Anggota Pawn dan juga Ranvi pulang kembali ke markas pada saat hari sudah menjelang malam. Beberapa anggota mengalami luka ringan, termasuk Ranvi yang memiliki luka kecil di bagian dahinya. Penyerangan tadi ternyata hanya dilakukan oleh sekitar lima belas prajurit saja, yang membuat anggota Pawn begitu mudah dalam melakukan perlawanan dan menjaga warga di sana. Mereka bersyukur tidak ada satu pun warga yang terluka, bahkan kerusakan di sana pun tidak terlalu parah.
"Kalian baik-baik saja, Ranvi?" tanya Dara yang menyambut mereka seperti biasanya. "Bagaimana tadi?"
Ranvi mendudukkan dirinya di kursi yang berada di ruang tengah, dengan masih menggunakan seragam dan atributnya.
"Semuanya baik-baik saja." Dia menerima segelas air minum yang disodorkan oleh Dara dan meminumnya. "Orang-orang itu bukan apa-apa bagi kita, mereka begitu mudah dikalahkan. Pejabat kejam itu mengirim mereka hanya untuk menggertak penguasa daerah di sana. Beberapa prajurit yang terluka juga aku bawa ke sini. Kau nanti bantu Pak Ali dan yang lain untuk mengobati mereka," jelas Ranvi.
Dara mengangguk, dia sudah biasa membantu para medis yang organisasi ini miliki. Hal ini juga sering mereka lakukan, mengobati lawan yang mereka kalahkan. Ranvi juga memperlakukan tawanan mereka dengan baik, sehingga hal itu membuat para tawanan berkhianat kepada atasannya sendiri dan lebih memilih untuk ikut bersama Ranvi. Contohnya pria yang terluka kemarin, dia sebelumnya tawanan Ranvi. Namun, berkat kebaikan Ranvi kepadanya, kini dia menjadi salah satu anggota Ranvi yang setia.
Pria itu beranjak dari duduknya. "Oh, iya, ke mana perginya gadis nakal itu?" tanya Ranvi yang tidak melihat keberadaan Zoya. Padahal jika dia pulang dari tugasnya, gadis itu akan segera meninggalkan apa pun yang sedang dia kerjakan dan segera menemuinya.

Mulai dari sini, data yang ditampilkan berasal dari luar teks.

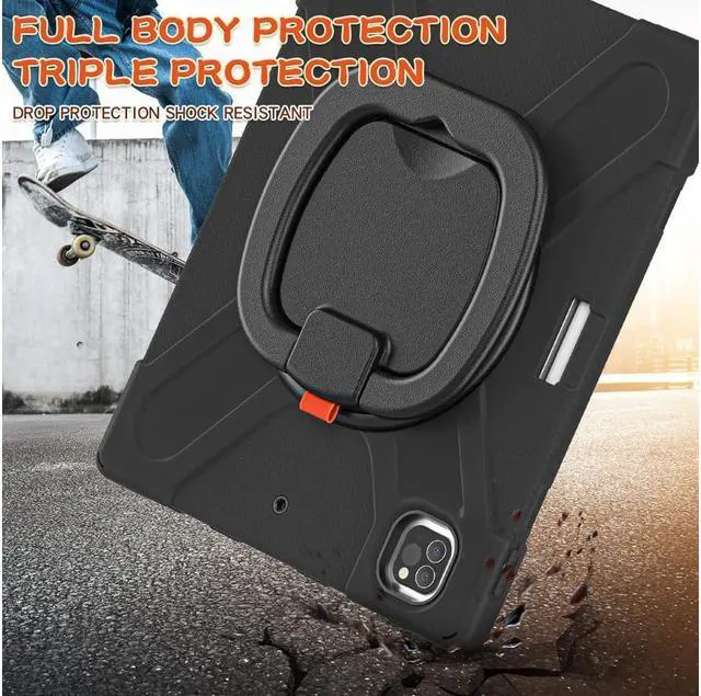 iPad Pro 12.9 inch Case 2022 2021 6th 5th Generation, Shockproof Rugged Drop Protection Cover with Pencil Holder and Rotating Kickstand Hand Strap / Shoulder Strap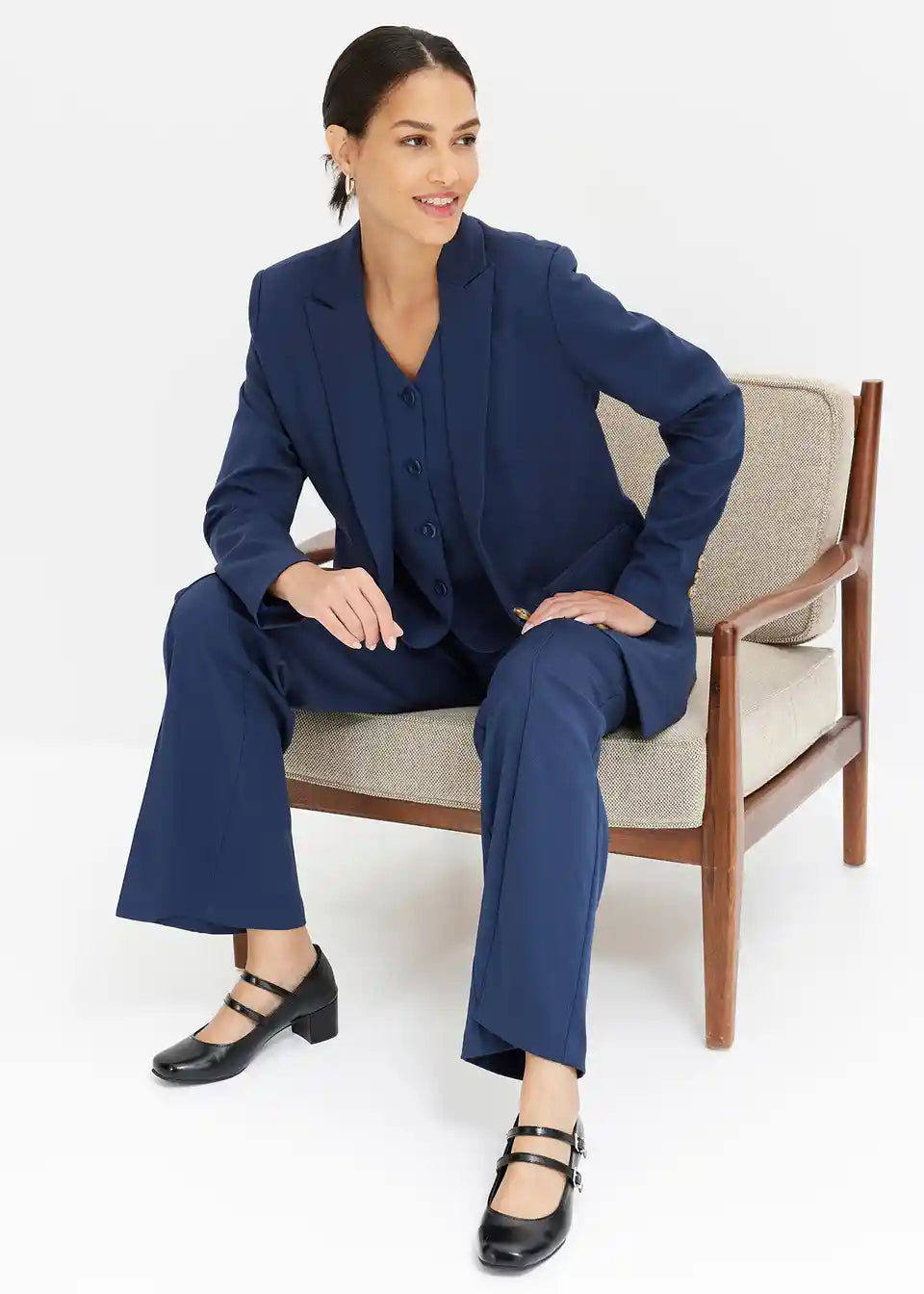model je visok 1,77 m in nosi velikost 36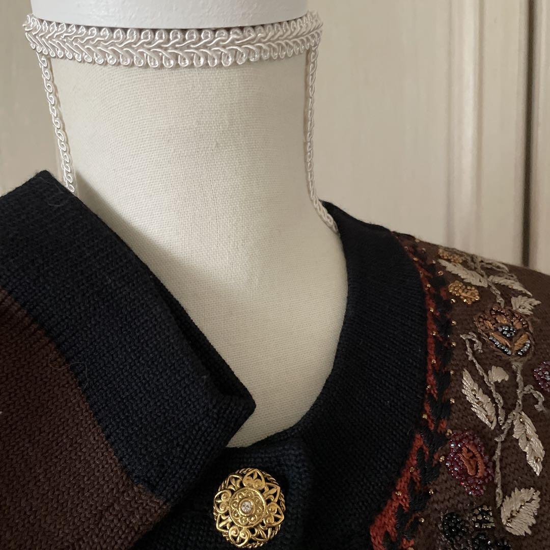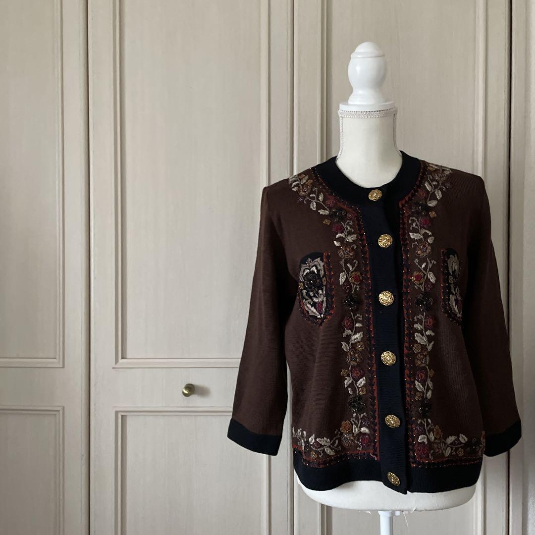 I 刺繍 ビーズ カーディガン ニット セーター レトロ グリモワール 花柄

"Sejak dari pagi anak itu tidak keluar dari kamarnya. Aku juga mengkhawatirkannya, dia tidak mau makan dari tadi. Pintu kamarnya pun dia kunci. Aku merasa Zoya sedikit berbeda hari ini, mungkin suasana hatinya sedang tidak baik," jawab Dara dengan raut wajah khawatir.
Perasaan Ranvi berubah tidak tenang. "Aku akan periksa ke atas."
Baru saja Ranvi akan melangkahkan kakinya, salah satu anggota dengan angka 454 di rompinya tergesa menghampiri Ranvi.
"Ada apa?" tanya Ranvi langsung saat anggotanya itu tepat di depannya.
"Zoya belum pulang sejak tadi siang, Pak," lapornya.
"Maksudmu? Dia pergi?"
"Iya, Pak. Tadi dia meminta izinku untuk pergi ke sungai sebentar, dan sampai sekarang dia belum juga kembali. Saya juga sudah mencarinya ke sana, tetapi Zoya tidak ada."
Apa yang dikatakan oleh anggotanya ini membuat Ranvi geram. "Bagaimana bisa kau mengizinkannya tanpa memberitahuku atau Dara terlebih dahulu?" ucap Ranvi marah.
"Tetapi, Pak ... Zoya sendiri bilang Anda mengizinkannya kalau hanya pergi ke sungai."
Ranvi menarik napas kasar. "Sudah aku bilang, jaga dia. Jangan biarkan dia lepas dari pengawasanmu."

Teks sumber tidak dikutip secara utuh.